Seven or eight very precious animals had followed Lord Lufton from
Leicestershire, and all of them required dimensions that were thought
to be rather excessive by the Framley old-fashioned groom. My lord,
however, had a head man of his own who took the matter quite into his
own hands. Mark, priest as he was, was quite worldly enough to be
fond of a good horse; and for some little time allowed Lord Lufton
to descant on the merit of this four-year-old filly, and that
magnificent Rattlebones colt, out of a Mousetrap mare; but he had
other things that lay heavy on his mind, and after bestowing half
an hour on the stud, he contrived to get his friend away to the
shrubbery walks.
"So you have settled with Sowerby," Robarts began by saying.
"Settled with him; yes, but do you know the price?"
"I believe that you have paid five thousand pounds."
"Yes, and about three before; and that in a matter in which I did not
really owe one shilling. Whatever I do in future, I'll keep out of
Sowerby's grip."
"But you don't think he has been unfair to you."
"Mark, to tell you the truth I have banished the affair from my mind,
and don't wish to take it up again. My mother has paid the money to
save the property, and of course I must pay her back. But I think
I may promise that I will not have any more money dealings with
Sowerby. I will not say that he is dishonest, but at any rate he is
sharp."
"Well, Lufton; what will you say when I tell you that I have put my
name to a bill for him, for four hundred pounds?"
"Say; why I should say--; but you're joking; a man in your position
would never do such a thing."
"But I have done it." Lord Lufton gave a long low whistle.

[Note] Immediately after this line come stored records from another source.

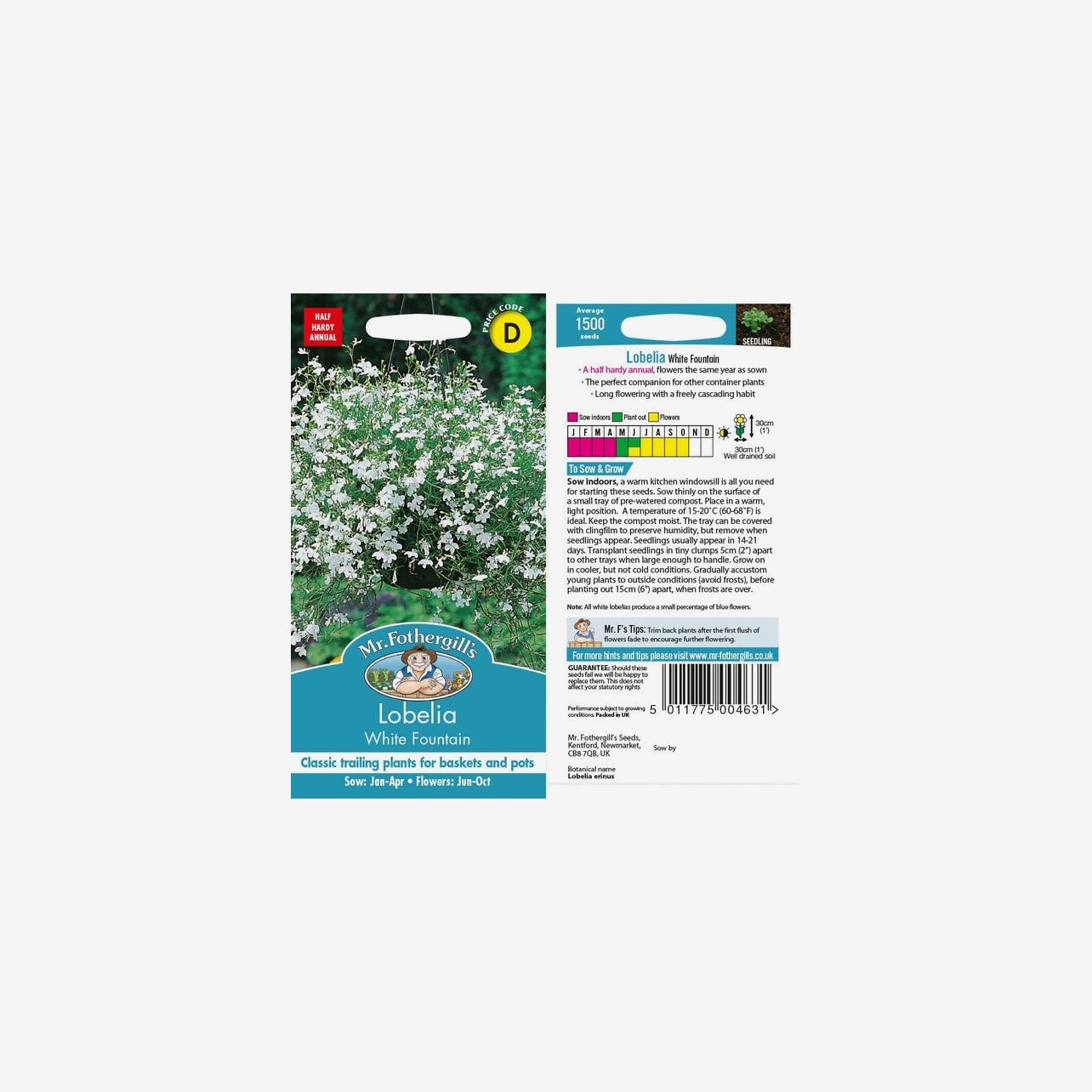 Odlingsanvisning: Lobelia Häng White Fountain förodlas inomhus från januari till april. Så fröerna mycket ytligt på fuktad såjord i tråg utan att täcka dem med jord. Placera ljust och varmt vid cirka 15–20 °C och håll jorden jämnt fuktig. Groning sker normalt inom 14–21 dagar. När plantorna är tillräckligt stora planteras de om i små tuvor med cirka 5 cm mellanrum och odlas vidare ljust men svalare. Avhärda plantorna successivt och plantera ut i väldränerad jord när frostrisken är över, vanligtvis under maj till juni, med cirka 15 cm mellanrum. Lobelia trivs bäst i halvskugga men klarar även soligare lägen med god vattentillgång och blommar kontinuerligt under sommaren.
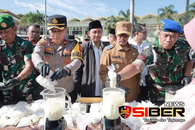 Pemusnahan barang bukti dilakukan secara simbolis oleh jajaran Forkopimda, disaksikan oleh tokoh masyarakat dan elemen terkait. Minuman keras serta narkotika dimusnahkan dengan cara dituangkan ke dalam lubang dan dihancurkan, sementara knalpot brong dipotong menggunakan alat khusus.
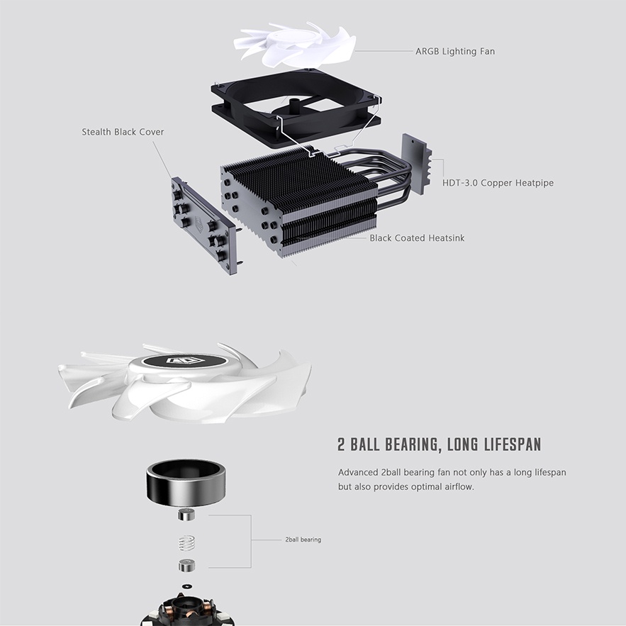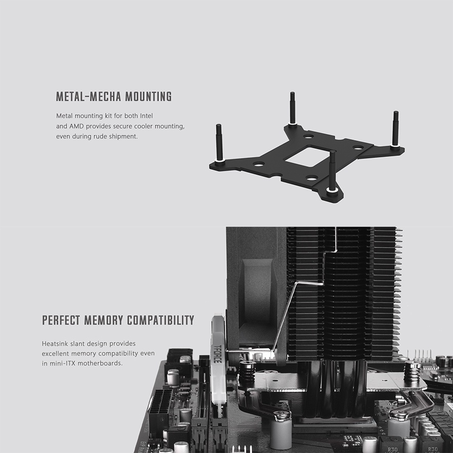 - Chất liệu lõi tản kim loại: 4×Ф6mm Heatpipe(Direct Touch)+Aluminum Fin
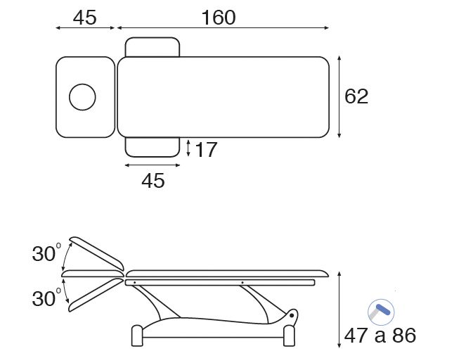 - Camilla hidráulica 2 cuerpos y 4 secciones
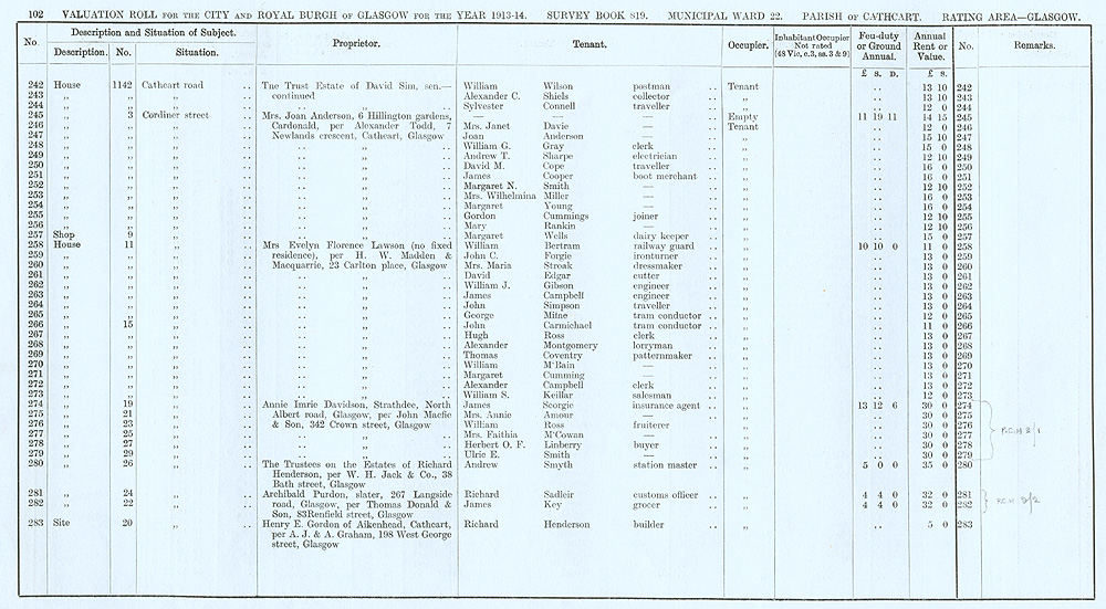 Glasgow Valuation Roll VR 1913-14, Ward 22, p102

"He asked me the last night that I was there, making a great favour
of it, and declaring that no bill of his had ever yet been
dishonoured."
Lord Lufton whistled again. "No bill of his dishonoured! Why, the
pocket-books of the Jews are stuffed full of his dishonoured papers!

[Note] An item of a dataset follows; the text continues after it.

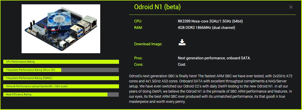 (09-11-2018, 01:37 AM)romtorwator Wrote: Interestingly, due to which the Odroid-N1 has higher performance in the rating DietPi?
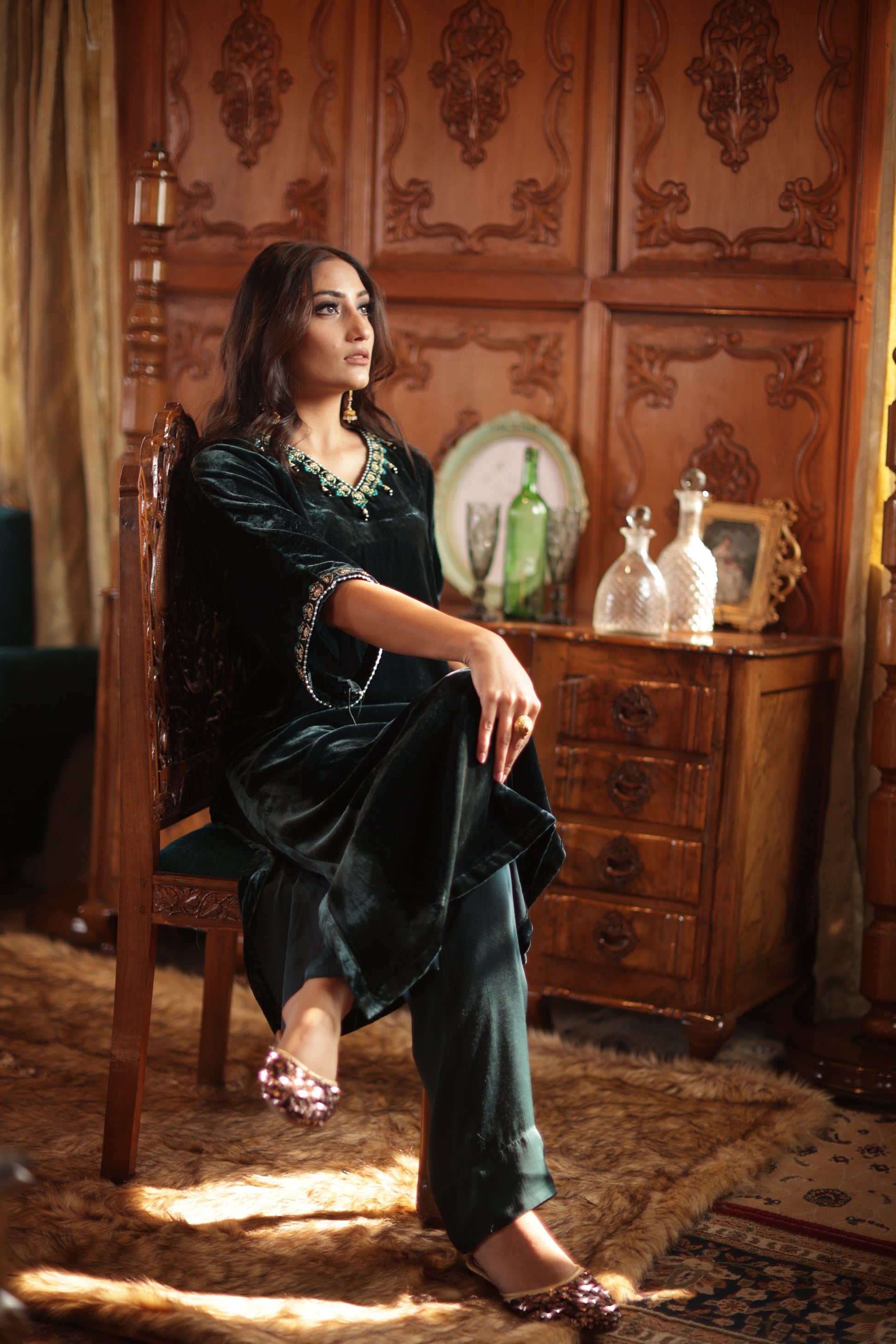 V- neck kaftan with beautiful intricate embroidery in neckline, sleeves and back. Paired with silky modal palazzo.

And you have really given him your name for four hundred pounds?"
"I have certainly."
"At what date?"
"Three months."
"And have you thought where you are to get the money?"
"I know very well that I can't get it, not at least by that time. The
bankers must renew it for me, and I must pay it by degrees. That is,
if Sowerby really does not take it up."
"It is just as likely that he will take up the National Debt."

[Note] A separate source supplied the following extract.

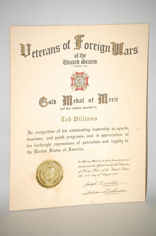 Téléchargement gratuit Ted Williams Vfw Gold Medal Of Merit Citation Award
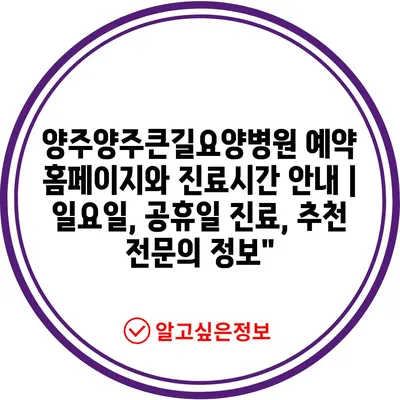 ✅ 양주양주큰길요양병원 예약 절차와 진료 시간에 대해 자세히 알아보세요.

Robarts then told him about the projected marriage with Miss
Dunstable, giving it as his opinion that the lady would probably
accept the gentleman.
"Not at all improbable," said his lordship, "for Sowerby is an
agreeable fellow; and if it be so, he will have all that he wants
for life. But his creditors will gain nothing. The duke, who has his
title-deeds, will doubtless get his money, and the estate will in
fact belong to the wife. But the small fry, such as you, will not get
a shilling." Poor Mark! He had had an inkling of this before; but it
had hardly presented itself to him in such certain terms. It was,
then, a positive fact, that in punishment for his weakness in having
signed that bill he would have to pay, not only four hundred pounds,
but four hundred pounds with interest, and expenses of renewal, and
commission, and bill stamps. Yes; he had certainly got among the
Philistines during that visit of his to the duke. It began to appear
to him pretty clearly that it would have been better for him to have
relinquished altogether the glories of Chaldicotes and Gatherum
Castle.
And now, how was he to tell his wife?
CHAPTER X
Lucy Robarts
And now, how was he to tell his wife? That was the consideration
heavy on Mark Robarts's mind when last we left him; and he turned
the matter often in his thoughts before he could bring himself to
a resolution. At last he did do so, and one may say that it was
not altogether a bad one, if only he could carry it out. He would
ascertain in what bank that bill of his had been discounted. He
would ask Sowerby, and if he could not learn from him, he would go
to the three banks in Barchester. That it had been taken to one of
them he felt tolerably certain. He would explain to the manager his
conviction that he would have to make good the amount, his inability
to do so at the end of the three months, and the whole state of his
income; and then the banker would explain to him how the matter might
be arranged. He thought that he could pay L50 every three months with
interest. As soon as this should have been concerted with the banker,
he would let his wife know all about it. Were he to tell her at the
present moment, while the matter was all unsettled, the intelligence
would frighten her into illness. But on the next morning there came
to him tidings by the hands of Robin postman, which for a long while
upset all his plans. The letter was from Exeter. His father had been
taken ill, and had very quickly been pronounced to be in danger. That
evening--the evening on which his sister wrote--the old man was much
worse, and it was desirable that Mark should go off to Exeter as
quickly as possible. Of course he went to Exeter--again leaving the
Framley souls at the mercy of the Welsh Low Churchman. Framley is
only four miles from Silverbridge, and at Silverbridge he was on
the direct road to the West. He was, therefore, at Exeter before
nightfall on that day. But, nevertheless, he arrived there too late
to see his father again alive. The old man's illness had been sudden
and rapid, and he expired without again seeing his eldest son. Mark
arrived at the house of mourning just as they were learning to
realize the full change in their position.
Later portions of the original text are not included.